• [Given data]

*** Begin section ***

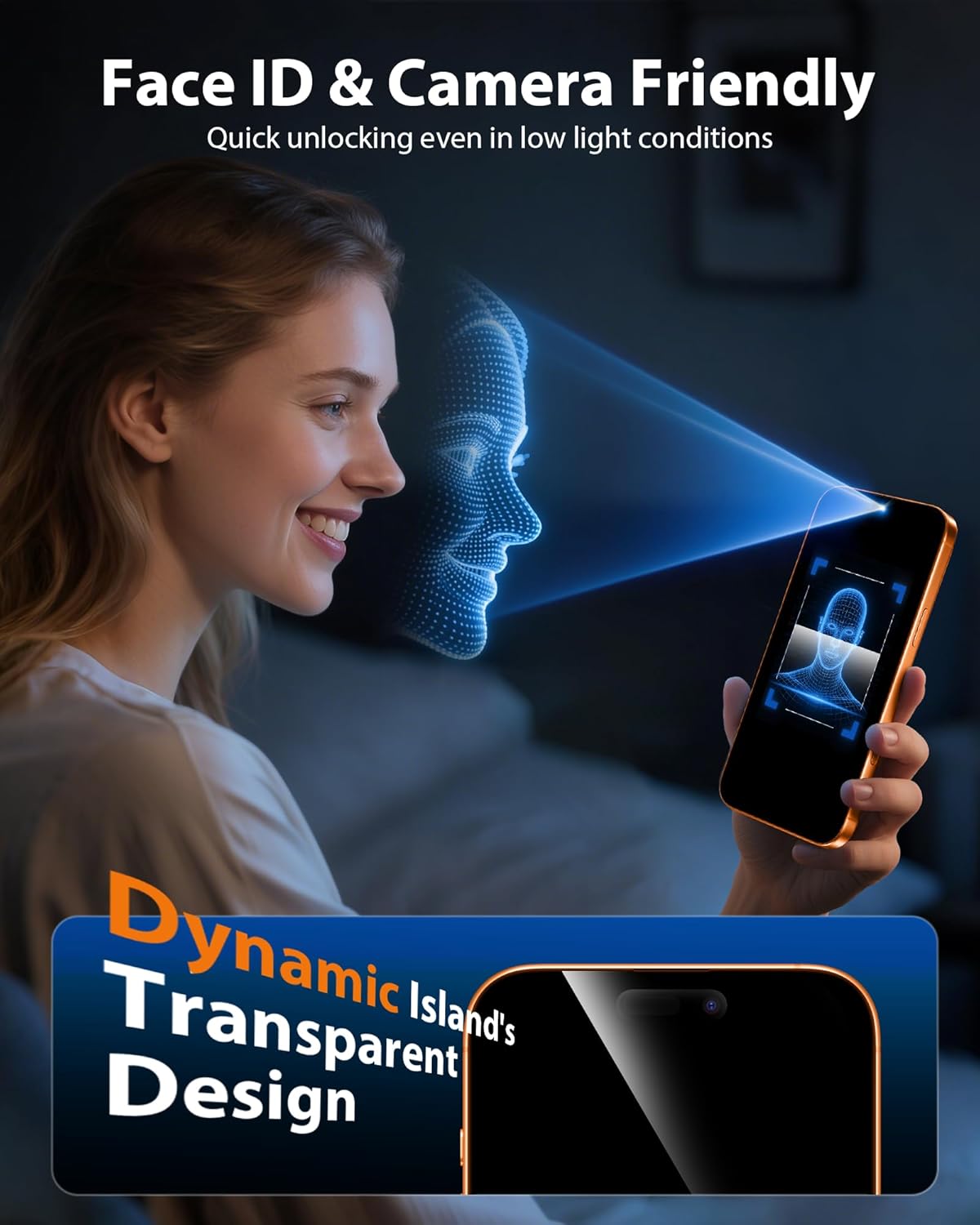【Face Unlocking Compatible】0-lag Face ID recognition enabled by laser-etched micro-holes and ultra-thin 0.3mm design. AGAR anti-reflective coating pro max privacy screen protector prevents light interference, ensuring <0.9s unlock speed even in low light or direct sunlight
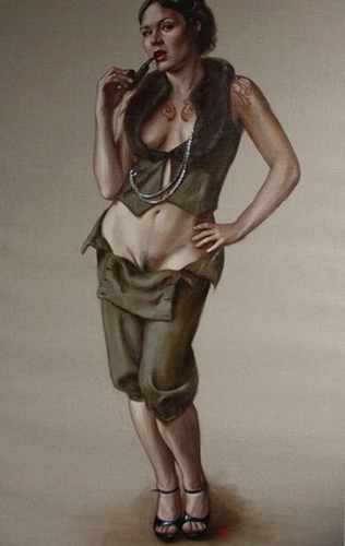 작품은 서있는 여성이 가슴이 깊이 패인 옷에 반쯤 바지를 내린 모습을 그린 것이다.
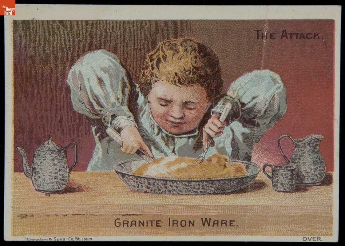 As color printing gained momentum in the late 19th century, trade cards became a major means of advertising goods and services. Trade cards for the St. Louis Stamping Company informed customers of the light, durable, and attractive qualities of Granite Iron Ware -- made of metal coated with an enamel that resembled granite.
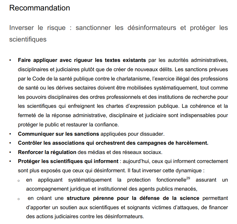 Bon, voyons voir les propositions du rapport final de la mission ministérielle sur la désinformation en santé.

*** End section ***

• [About this exercise] All that should be printed is the lines from the one containing "As color printing" through the last line of the material above, both ends included, exactly as they stand; please skip the pictures.

• [Task response]
 As color printing gained momentum in the late 19th century, trade cards became a major means of advertising goods and services. Trade cards for the St. Louis Stamping Company informed customers of the light, durable, and attractive qualities of Granite Iron Ware -- made of metal coated with an enamel that resembled granite.
 Bon, voyons voir les propositions du rapport final de la mission ministérielle sur la désinformation en santé.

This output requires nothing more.